3. Do “canonical” and “non‐canonical” functions of endocytosis really exist?

So, much has happened between 1996 and today that has served to reveal a complex pattern of connections between endocytosis and signaling. Today, we view these two programs as two faces of the same coin, inseparably connected to each other. And yet, what we have discussed so far – unexpected though it might have been only a decade ago – still somehow falls within a canonical view of endocytosis. In other words, endocytic routes contribute to signaling by doing what they are supposed to do, i.e. by internalizing molecules and destining them to a variety of fates.

Needless to say, endocytosis holds many more surprises in store, as demonstrated by a series of connections that are emerging between endocytic proteins and complex signaling programs, such as transcription, cell cycle regulation, mitosis, apoptosis, and cell fate determination. I have reviewed these connections recently, and therefore refer the reader to that review (Lanzetti and Di Fiore, 2008). I also do not want to spoil the enjoyment of reading through this issue, since many of the reviews address several of these aspects in scholarly detail. Pyrzynska et al. (2009) cover the role of endocytic proteins in the regulation of nuclear signaling and transcription; Vaccari and Bilder (2009) explore the connections between endocytosis and cell polarity, proliferation and apoptosis; Fürthauer and Gonzáles‐Gaitán (2009) describe the role of endocytosis in asymmetric cell division and cell fate determination.

Many of these connections (albeit not all) cannot intuitively be rationalized within a canonical view of endocytosis. They appear, therefore, to identify “non‐canonical” functions of the process. Regardless of nomenclature, the real question to resolve is the relationship between the molecular machinery of endocytosis and that of apparently very distant cellular processes, such as transcription, cell cycle control, apoptosis, or regulation of progression through mitosis. One possibility is that endocytic proteins participate in these events as “freelancers”, so to speak: their functions in these processes would be unrelated to the roles they play in endocytosis. There is, however, an alternative, and much more appealing hypothesis, i.e. that endocytosis is integrated with, and necessary for, the execution of a number of cellular programs. Under this scenario, the elucidation of the molecular connections involved would constitute a major advance in our understanding of the blueprint of cell regulation.

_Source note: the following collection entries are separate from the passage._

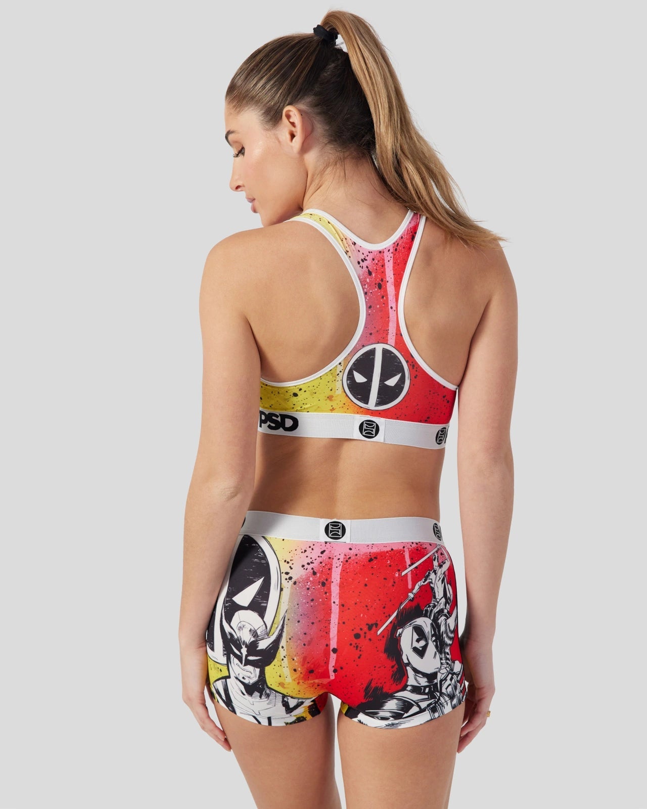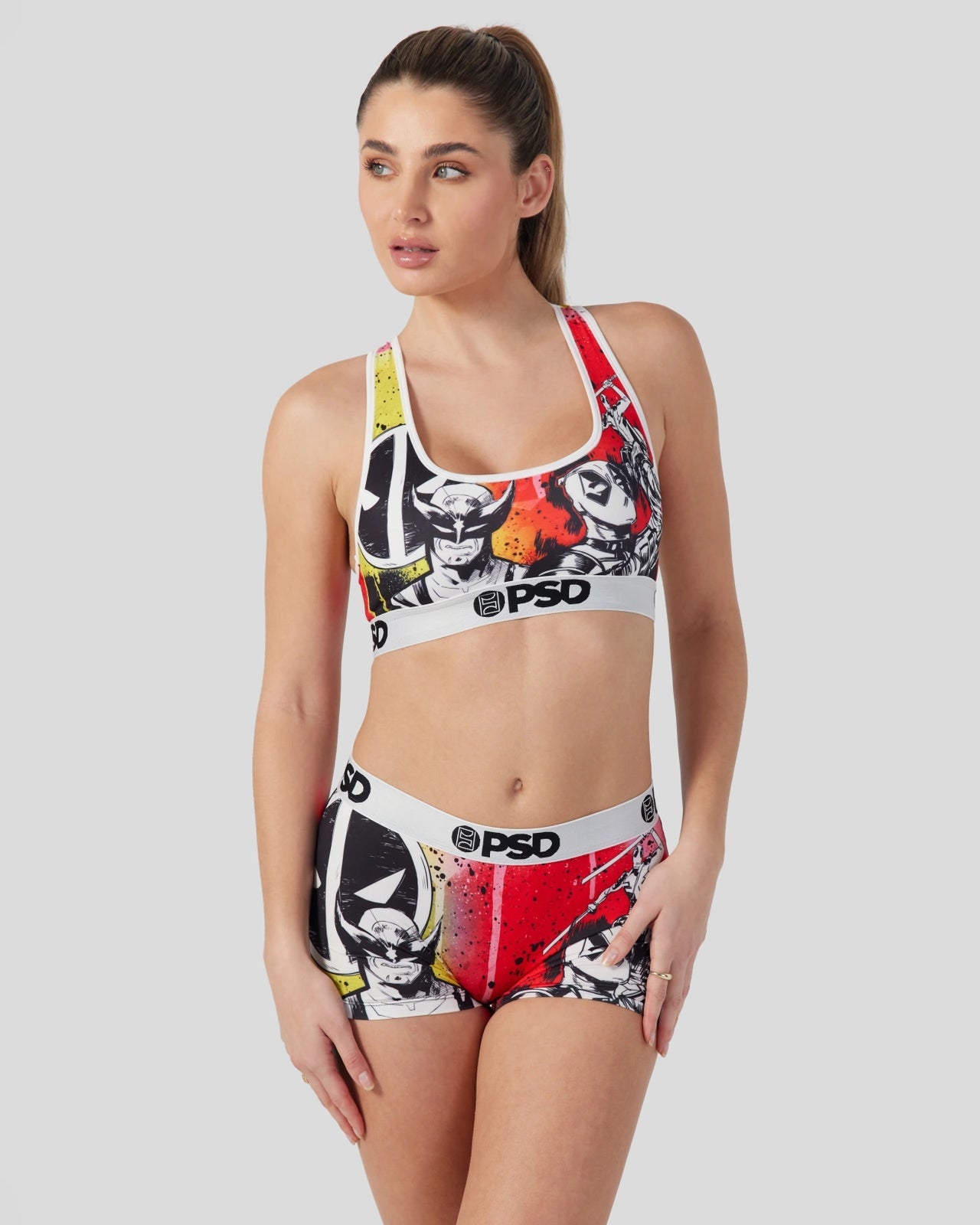 New from Deadpool & Wolverine. Inspired by classic comics. the Holy Snikt! Boy Short is made from a silky poly blend with a comfortable full coverage. keep-you-in fit. The PSD boy shorts are perfect for everyday wear and working out.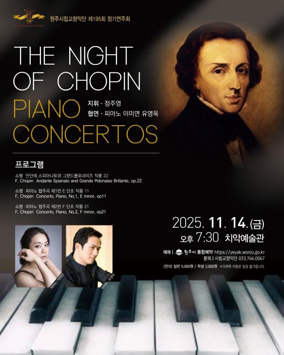 [뉴스다컴] 원주시립교향악단은 오는 14일 오후 7시 30분, 치악예술관에서 제195회 정기연주회 ‘The Night of CHOPIN’을 개최한다.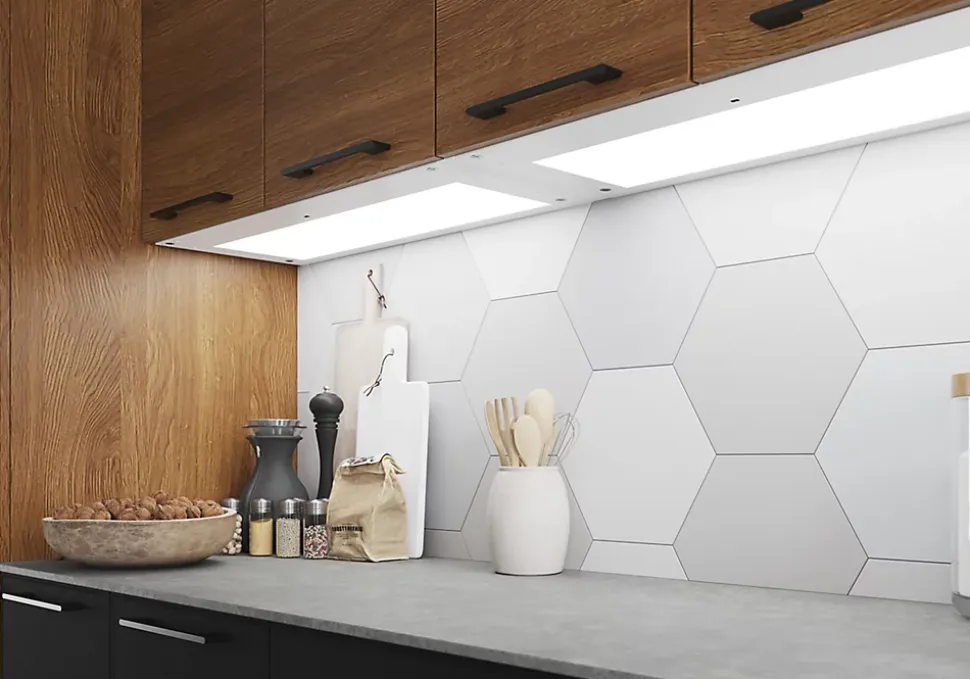 La tablette avec LED intégrées de dessous de meuble haut GoodHome Caraway blanc est une solution pratique et esthétique pour améliorer l’éclairage de votre cuisine, particulièrement pour les espaces sous les armoires ou meubles hauts. Elle combine éclairage et rangement de manière efficace et élégante.
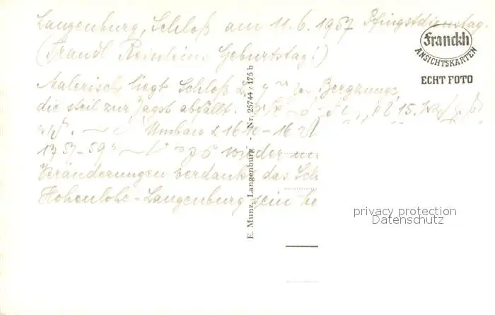 Langenburg_Wuerttemberg Schloss Langenburg Details Langenburg Wuerttemberg postalisch nicht gelaufen 1957 Erhaltung siehe scans [WerneD78] WernPID7
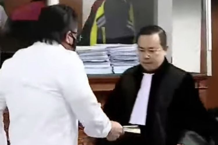 Mantan Kepala Divisi Profesi dan Pengamanan (Kadiv Propam) Polri Ferdy Sambo langsung menyerahkan buku hitam yang biasa ia pegang kepada koordinator tim penasihat hukumnya, Arman Hanis, Senin (13/2/2023) Momen tersebut terjadi usai Ferdy Sambo dijatuhi hukuman mati oleh Ketua Majelis Hakim Wahyu Iman Santoso dalam kasus pembunuhan berencana Nofriansyah Yosua Hutabarat atau Brigadir J di ruang sidang Pengadilan Negeri (PN) Jakarta Selatan. Pantauan Kompas.com, setelah hakim Wahyu selesai membacakan putusan dan meninggalkan ruangan, Ferdy Sambo terlihat berdiri dan langsung berjalan ke arah meja tim kuasa hukumnya. Pada saat itulah, Sambo menyerahkan buku yang biasa ia pegang kepada Arman Hanis.

One example serves to illustrate this concept: the role of endocytic proteins in mitosis. There is increasing evidence that connects endocytic proteins – such as clathrin, dynamin, ARH, and Rab6A – both physically and functionally to the centrosome and to the spindle at mitosis (Lehtonen et al., 2008, 2006, 2005, 2004, 2002). The question is whether the function of endocytic/trafficking proteins at mitosis is distinct from their role in membrane trafficking during interphase (the “freelancer” hypothesis). The localization of endocytic proteins at mitotically‐relevant structures involves binding partners that are distinct from those involved in trafficking pathways, a fact that favors this view (Royle et al., 2005; Thompson et al., 2004). But above all, endocytosis, and in particular clathrin‐mediated endocytosis, has long been believed to cease at mitosis. In addition, some endocytic proteins are phosphorylated at mitosis, and this modification has been reported to disrupt critical endocytic interactions [reviewed in (Mills, 2007)]. Under this scenario, endocytic proteins – relieved of their endocytic obligations – might be free to serve alternative roles.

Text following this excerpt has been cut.